Porsche’s answer to that in the affirmative is the Taycan. If you’re in any doubt of the commercial logic, at launch Porsche were holding over 30,000 pre-production orders, and that’s before a single customer has driven one. It is Porsche’s most technically advanced car in the whole of its 80-year history.

The Taycan is produced at the Zuffenhausen production plant in Germany, with capacity to produce 20,000 cars annually. It was launched in 2019 in two motor form, with e motors in two levels of tune.

With the range topping Taycan Turbo S, Porsche have set some exceptional benchmarks. Here’s a few: 0-62 mph acceleration time of 2.8 seconds (just one second slower than a Formula 1 car); a top speed limited to 161 mph; a real-life travel range of 240 miles; and the capability of achieving 90% of its charge in just 25 mins. It is the electrifying performance, range, and chargeability that no doubt play a big role in creating that long customer waiting list.

Seriously fast

Yet it’s the sporting character of the Taycan that will ultimately make it a Porsche. Some of my colleagues have argued it is unduly fast, possibly at the cost of losing that engaging sporting feel. No doubt Porsche beg to differ. There’s no question however, that the behind-the-wheel experience is indeed pure Porsche. Whilst the dash is flanked by state-of-the-art electronics, there is a tight sporting driver-focused feel behind the wheel.

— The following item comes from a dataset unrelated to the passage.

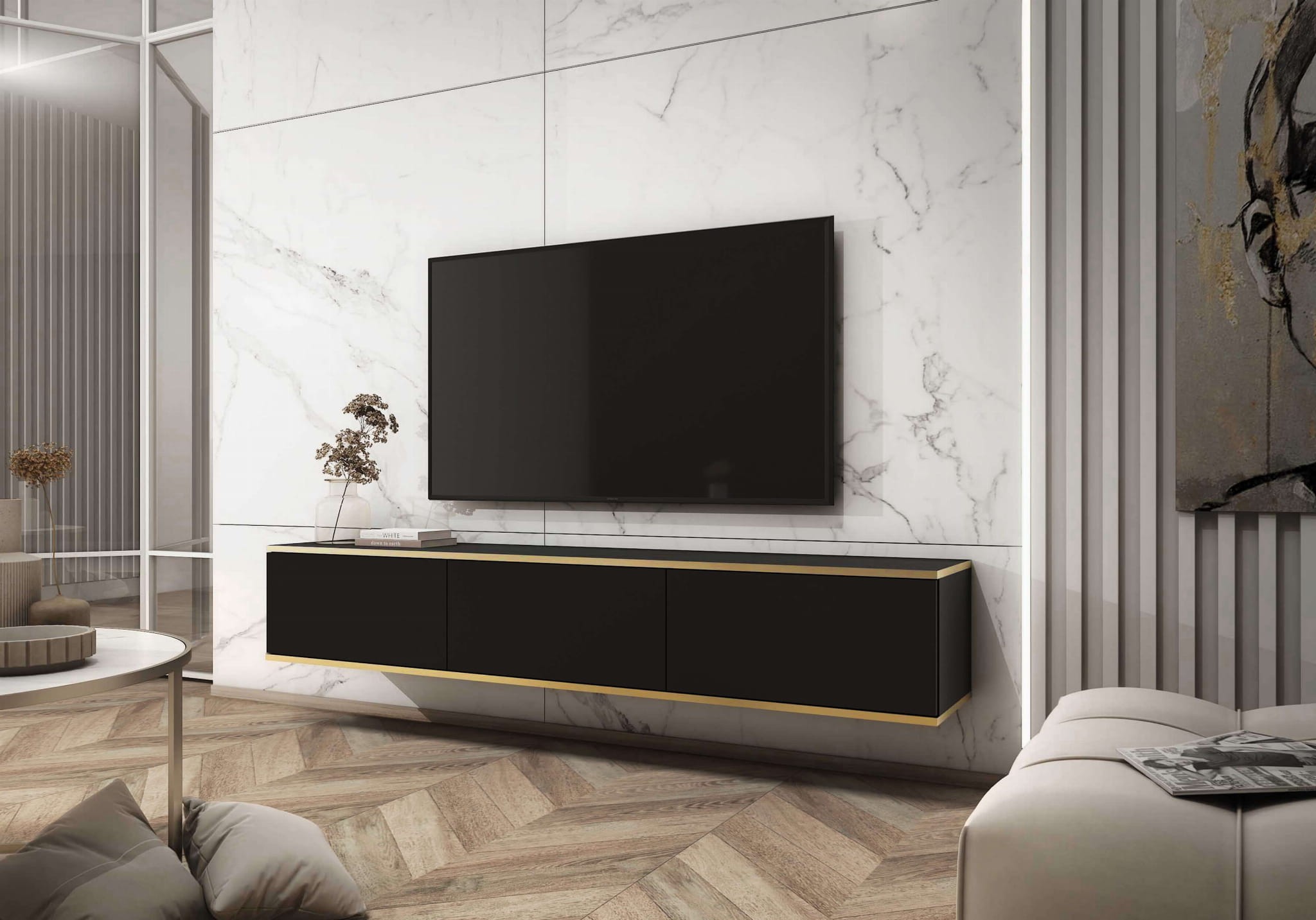 Szafka RTV ORO RTV175 Czarna / Gładki front | SZYBKA WYSYŁKA

Comfort and space are no longer incumbered by the need to house a combustion engine. Instead, the flat battery platform allows Porsche to focus its efforts on aerodynamics, space and comfort – all within the dimensions of a sharp looking machine of comparative size to a BMW 3 Series, and certainly not a smaller Panamera by any means. Yet that bulky muscular look of a Porsche is still there – and sitting with the lowest centre of gravity of any standard production Porsche, there’s not a chance of mistaking it for something like a Tesla.

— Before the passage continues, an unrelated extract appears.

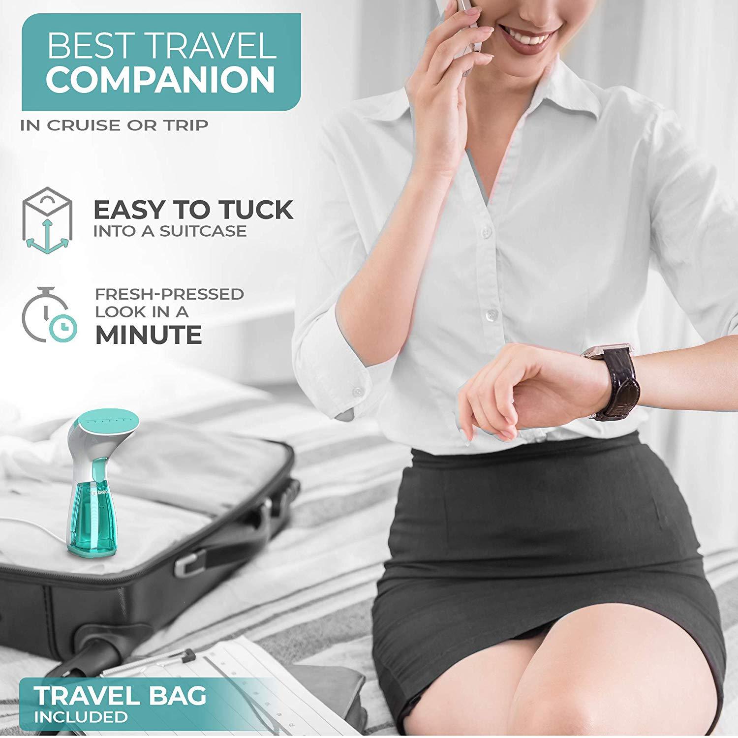 - BEST TRAVEL COMPANION - Compact and Portable Handheld Steamer is Easy to tuck into a suitcase. It produces continuous steam from its large water tank (4oz.) for using at HOME or while TRAVELING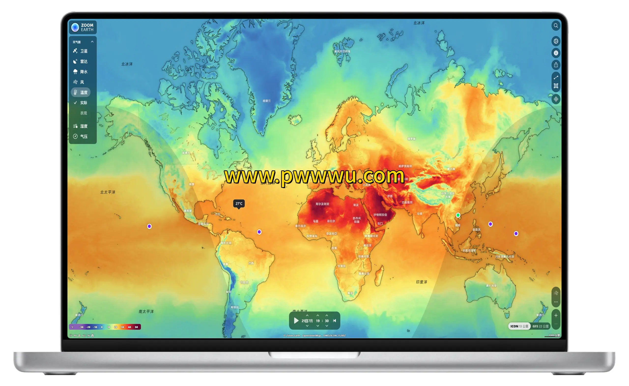 该工具能够实时展示世界各地降雨分布、风速变化、温度数值、湿度水平、大气压强及台风路径等综合气象数据。

The more you learn about the Taycan, the more it grows on you. Its simply massive performance is excitingly outrageous and that makes it compelling. Four-wheel drive is achieved courtesy of two power trains front and rear. There’s a two-speed transmission to the rear; first gear is acceleration focused rocketing you to oblivion, whilst second gear takes you up to the 161-mph self-imposed limit. The front motor has single speed gearing, yet when both motors join up on launch control the Taycan generates a crazy 750 bhp, and no other current production Porsche matches its 774 lb of torque. Add to that a drag coefficient of just 0.22 and you can see that this is maybe an over serious performance machine.

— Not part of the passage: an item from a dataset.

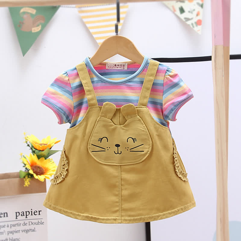 Baby Fake 2pcs Bunny Colorful Striped Dress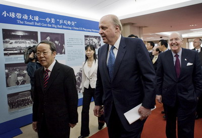 "Sino-US relations are at a crucial point linking the past to the future," Dai told the US Deputy Secretary of State John D. Negroponte, who was here to honor the 30th anniversary of Sino-US relations. Dai said China and the US shared common interests and consolidated a strategic foundation. This paved the way for further development of the relationship. He summarized four achievements in Sino-US relations made during the Bush administration. --The two countries confirmed the relationship as stakeholders and constructive cooperators. --The two heads of state maintained frequent contacts. --High-level strategic dialogues were institutionalized to promote mutual trust and cooperation. --Cooperation in all areas deepened such as major international and regional issues. "Sino-US relations have made remarkable progress over the past three decades and this linked the two countries closely," Dai said. Negroponte said both the US and China were important countries in the world and needed more dialogue and cooperation to safeguard global security and stability. The strategic dialogue and the strategic and economic dialogue were two effective mechanisms and should be continued, he said. ![]() ![]() ![]() |

Porsche have always been very good at the subtleties distinguishing a fast car from a driver’s car; steering feel, brake feel, and suspension composure to name but a few. Some say the Taycan requires a little too much steering effort, but it is after all a sporting machine whilst no GT2, so the issue remains one of debate.

Brakes are courtesy of carbon ceramic discs; 420 mm to the front and 410 mm at the rear which means, along with Porsche’s refined ability to master brake feel, stopping shouldn’t be a problem. And neither should handling, for that is courtesy of Porsche Active Suspension Management, providing that subtle combination of comfort and prodigious grip that is born of experience, competence, a love of driving, and intrinsic knowledge of the wants and needs of the sporting driver.

Defining the future

Did Porsche need to make the performance of the Taycan this quick and powerful to prove that it is really a Porsche? Maybe not, but hey I don’t mind, do you?

The more I write about this car, the more convinced I am that it is defining the performance road car of the future. OK, so it does it in relative silence bar road noise, and maybe us petrol heads will at heart miss the audible music of a tuned exhaust note… and if you miss changing gears and the purity of a well sorted chassis powered by a combustion engine, you will of course have another toy discretely locked away in the garage with which to play when no one is looking. In the meanwhile, living in the 21st century won’t prevent a smile and a grin every time you accelerate away from home in the Porsche Taycan.